Today’s Bloganuary prompt is “How are you brave?” I like how the year is starting off with positive questions.
I had to think about this one a bit. To the casual observer, my currently unconventional life (single, 50-something, childless, self-supporting woman in a foreign country) might seem “brave,” risky, odd, exotic, or a number of other adjectives to describe the non-standard. Most of the aforementioned attributes, I never expected to be (except 50 – and very grateful to have reached this milestone).
Bravery is relative, and it is ephemeral. It’s a discipline, and a privilege to be able to exercise it. Bravery is to be seized upon, or to be leaned into, depending on the circumstances. And what is brave today may develop tomorrow into the habitual or quotidian. I feel this describes some actions I’ve taken that might be construed as “brave,” such as leaving a life of material ease, and moving alone to work abroad in a place where I did not know the culture, the language, or indeed a single soul, when my plane first touched down so many years ago.
Back in 2004, before I took a hard left turn and accepted a job offer in South Korea, I committed an act of bravery in leaving a marriage that lacked respect and honesty. Without throwing stones or divulging details, it is enough to say that I married into financial comfort and a lifestyle that reflected the American dream, but emotionally, the relationship went off the rails. There’s a whole story connected to this period of my life (memoir fodder?); suffice to say, after ten years together, I left. At age 35, it was the first time I had ever lived alone.
Even though it was scary, I loved that period of my life, newly single, before I moved abroad. I transitioned to singledom relatively well, mainly because I had made the right decision.
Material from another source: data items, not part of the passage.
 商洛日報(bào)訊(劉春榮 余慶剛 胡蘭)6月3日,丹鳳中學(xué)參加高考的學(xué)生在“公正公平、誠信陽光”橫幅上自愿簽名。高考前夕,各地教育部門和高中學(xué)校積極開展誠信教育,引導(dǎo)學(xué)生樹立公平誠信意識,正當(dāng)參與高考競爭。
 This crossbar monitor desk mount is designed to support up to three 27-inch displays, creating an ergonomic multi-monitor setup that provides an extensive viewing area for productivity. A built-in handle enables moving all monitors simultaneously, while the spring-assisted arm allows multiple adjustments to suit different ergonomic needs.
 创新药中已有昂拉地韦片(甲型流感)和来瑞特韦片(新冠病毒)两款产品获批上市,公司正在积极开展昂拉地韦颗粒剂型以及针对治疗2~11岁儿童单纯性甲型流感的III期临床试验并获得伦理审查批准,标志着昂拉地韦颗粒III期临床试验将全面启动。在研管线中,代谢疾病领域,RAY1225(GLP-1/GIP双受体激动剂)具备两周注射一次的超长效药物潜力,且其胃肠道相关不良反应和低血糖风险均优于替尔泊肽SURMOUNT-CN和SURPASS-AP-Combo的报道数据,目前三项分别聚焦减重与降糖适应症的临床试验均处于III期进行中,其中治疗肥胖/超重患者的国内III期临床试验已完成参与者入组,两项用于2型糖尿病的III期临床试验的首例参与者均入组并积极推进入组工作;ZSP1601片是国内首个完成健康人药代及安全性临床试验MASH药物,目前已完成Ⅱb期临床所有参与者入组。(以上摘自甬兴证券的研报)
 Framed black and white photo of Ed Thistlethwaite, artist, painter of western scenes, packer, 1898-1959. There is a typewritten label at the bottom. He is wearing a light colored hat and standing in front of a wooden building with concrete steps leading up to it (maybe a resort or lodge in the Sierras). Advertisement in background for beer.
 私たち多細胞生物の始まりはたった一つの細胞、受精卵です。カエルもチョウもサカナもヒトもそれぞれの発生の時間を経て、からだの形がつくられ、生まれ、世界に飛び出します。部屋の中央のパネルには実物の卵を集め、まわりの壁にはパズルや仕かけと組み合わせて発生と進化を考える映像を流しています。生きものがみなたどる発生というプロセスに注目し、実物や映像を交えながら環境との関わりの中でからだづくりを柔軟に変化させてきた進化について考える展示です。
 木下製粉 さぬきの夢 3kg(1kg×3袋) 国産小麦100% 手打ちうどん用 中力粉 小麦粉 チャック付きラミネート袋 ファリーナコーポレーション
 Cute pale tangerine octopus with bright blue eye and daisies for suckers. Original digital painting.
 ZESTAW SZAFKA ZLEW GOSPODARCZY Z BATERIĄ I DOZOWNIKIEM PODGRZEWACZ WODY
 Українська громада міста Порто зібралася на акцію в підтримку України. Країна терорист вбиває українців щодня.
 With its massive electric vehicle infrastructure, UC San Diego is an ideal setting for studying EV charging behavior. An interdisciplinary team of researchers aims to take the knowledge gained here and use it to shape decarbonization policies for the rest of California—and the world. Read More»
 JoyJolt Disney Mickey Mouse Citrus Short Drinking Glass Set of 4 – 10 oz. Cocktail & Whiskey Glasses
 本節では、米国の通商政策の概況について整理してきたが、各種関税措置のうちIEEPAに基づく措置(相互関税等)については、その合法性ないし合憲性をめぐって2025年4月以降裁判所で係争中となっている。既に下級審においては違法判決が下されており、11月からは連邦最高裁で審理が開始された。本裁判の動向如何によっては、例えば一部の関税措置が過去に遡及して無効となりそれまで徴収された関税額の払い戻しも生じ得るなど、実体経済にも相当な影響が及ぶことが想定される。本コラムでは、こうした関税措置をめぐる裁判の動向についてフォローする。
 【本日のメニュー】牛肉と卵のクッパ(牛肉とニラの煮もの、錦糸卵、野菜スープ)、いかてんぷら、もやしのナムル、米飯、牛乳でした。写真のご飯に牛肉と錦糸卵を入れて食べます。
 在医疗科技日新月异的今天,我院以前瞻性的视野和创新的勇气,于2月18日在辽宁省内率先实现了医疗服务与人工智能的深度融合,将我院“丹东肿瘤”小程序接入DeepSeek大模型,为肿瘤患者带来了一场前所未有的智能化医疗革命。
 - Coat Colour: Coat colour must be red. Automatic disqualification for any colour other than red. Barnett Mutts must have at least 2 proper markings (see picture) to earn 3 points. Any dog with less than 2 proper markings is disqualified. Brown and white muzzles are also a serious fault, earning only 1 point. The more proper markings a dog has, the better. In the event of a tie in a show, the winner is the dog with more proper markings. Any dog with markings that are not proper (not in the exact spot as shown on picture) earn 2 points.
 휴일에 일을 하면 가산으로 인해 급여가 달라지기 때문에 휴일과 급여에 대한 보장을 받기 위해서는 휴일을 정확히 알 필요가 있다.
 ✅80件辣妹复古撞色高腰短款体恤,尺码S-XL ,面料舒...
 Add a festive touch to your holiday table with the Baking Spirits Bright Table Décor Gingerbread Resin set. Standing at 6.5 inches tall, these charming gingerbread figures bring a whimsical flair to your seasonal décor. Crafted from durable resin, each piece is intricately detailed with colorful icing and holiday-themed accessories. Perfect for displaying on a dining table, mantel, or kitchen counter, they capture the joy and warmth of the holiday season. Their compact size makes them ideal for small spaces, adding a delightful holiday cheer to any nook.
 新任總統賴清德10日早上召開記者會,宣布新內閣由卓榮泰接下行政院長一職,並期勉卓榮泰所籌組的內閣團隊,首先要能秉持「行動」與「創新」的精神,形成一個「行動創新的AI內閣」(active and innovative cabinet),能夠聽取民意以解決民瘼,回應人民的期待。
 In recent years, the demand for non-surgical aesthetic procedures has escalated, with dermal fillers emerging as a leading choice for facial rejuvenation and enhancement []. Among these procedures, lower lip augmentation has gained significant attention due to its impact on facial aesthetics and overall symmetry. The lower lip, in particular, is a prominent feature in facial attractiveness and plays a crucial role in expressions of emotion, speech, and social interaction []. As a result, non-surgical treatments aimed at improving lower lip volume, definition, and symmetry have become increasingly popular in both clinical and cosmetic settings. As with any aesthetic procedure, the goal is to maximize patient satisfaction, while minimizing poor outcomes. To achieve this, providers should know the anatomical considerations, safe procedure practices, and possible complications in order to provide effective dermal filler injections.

I had, as I discovered, a trove of inner strength to sustain me. Believe me, I tapped into that strength. My life wasn’t without its problems and heartbreak then. Loneliness has dogged me my whole life.
One thing that might seem brave to others is my sense of self-sufficiency. I’ve developed this trait over time out of necessity. So when I picked up my life to live alone and later go abroad all those years ago, this was a handy trait to possess. The problem with such a well-developed trait is that it has a dark opposite. One thing that makes me an abject coward is that I have a hard time asking for help.
If I were to cultivate more courage in my life, I would want to work on being more vulnerable with people and asking when I need assistance, companionship, advice, without worrying someone will be offended or view me as fragile. It seems like a paradox, doesn’t it? To be brave, by asking for help.
Above all, I think love is at the core of bravery. Love of others, of self, and of life. Love can go beyond barriers with its courage.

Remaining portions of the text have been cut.